* _Given records_:

==*==

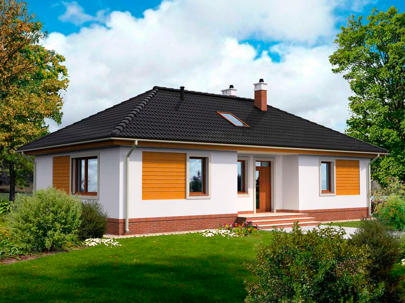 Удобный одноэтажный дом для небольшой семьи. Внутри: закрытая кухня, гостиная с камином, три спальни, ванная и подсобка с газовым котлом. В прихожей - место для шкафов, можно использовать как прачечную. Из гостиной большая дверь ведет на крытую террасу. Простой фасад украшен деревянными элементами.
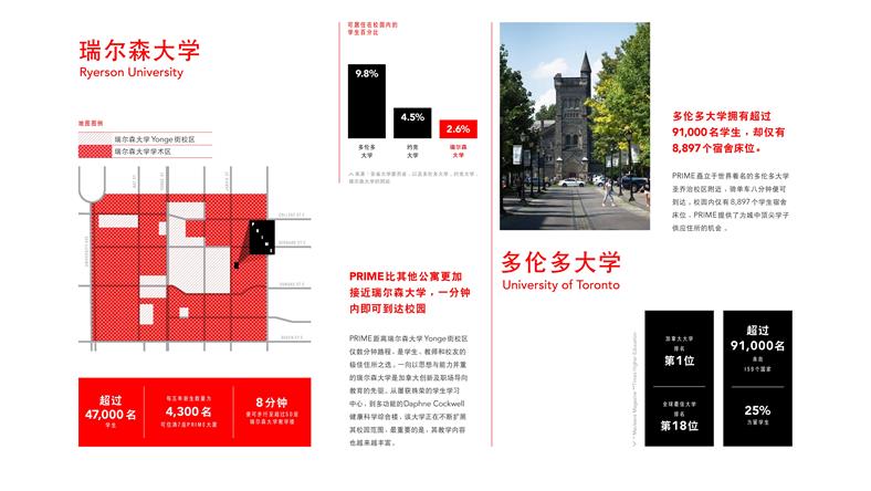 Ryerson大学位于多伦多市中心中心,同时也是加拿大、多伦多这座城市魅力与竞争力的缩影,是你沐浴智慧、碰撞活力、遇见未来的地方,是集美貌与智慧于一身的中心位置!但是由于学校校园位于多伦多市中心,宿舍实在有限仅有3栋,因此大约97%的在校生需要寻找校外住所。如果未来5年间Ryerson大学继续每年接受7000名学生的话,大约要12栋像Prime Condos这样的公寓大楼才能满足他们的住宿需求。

==*==

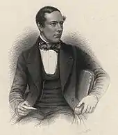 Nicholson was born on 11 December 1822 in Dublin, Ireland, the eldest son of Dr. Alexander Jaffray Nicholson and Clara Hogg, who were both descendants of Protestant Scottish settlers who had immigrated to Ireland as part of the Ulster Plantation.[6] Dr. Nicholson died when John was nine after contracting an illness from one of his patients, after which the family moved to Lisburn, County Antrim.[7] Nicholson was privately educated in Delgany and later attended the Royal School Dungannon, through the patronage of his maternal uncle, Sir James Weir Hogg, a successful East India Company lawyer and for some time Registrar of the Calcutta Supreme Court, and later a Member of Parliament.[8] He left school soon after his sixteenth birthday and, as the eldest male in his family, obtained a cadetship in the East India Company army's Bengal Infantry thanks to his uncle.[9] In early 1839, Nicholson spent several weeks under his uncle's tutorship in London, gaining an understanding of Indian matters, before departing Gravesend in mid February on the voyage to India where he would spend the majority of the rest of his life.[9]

==*==

* _How to complete this task_:
A clean copy is needed of the lines in the listing above from the one with "Удобный одноэтажный дом" through the one with "Ryerson大学位于多伦多", exact in every word and free of pictures.

* _Solution for this task_:
 Удобный одноэтажный дом для небольшой семьи. Внутри: закрытая кухня, гостиная с камином, три спальни, ванная и подсобка с газовым котлом. В прихожей - место для шкафов, можно использовать как прачечную. Из гостиной большая дверь ведет на крытую террасу. Простой фасад украшен деревянными элементами.
 Ryerson大学位于多伦多市中心中心,同时也是加拿大、多伦多这座城市魅力与竞争力的缩影,是你沐浴智慧、碰撞活力、遇见未来的地方,是集美貌与智慧于一身的中心位置!但是由于学校校园位于多伦多市中心,宿舍实在有限仅有3栋,因此大约97%的在校生需要寻找校外住所。如果未来5年间Ryerson大学继续每年接受7000名学生的话,大约要12栋像Prime Condos这样的公寓大楼才能满足他们的住宿需求。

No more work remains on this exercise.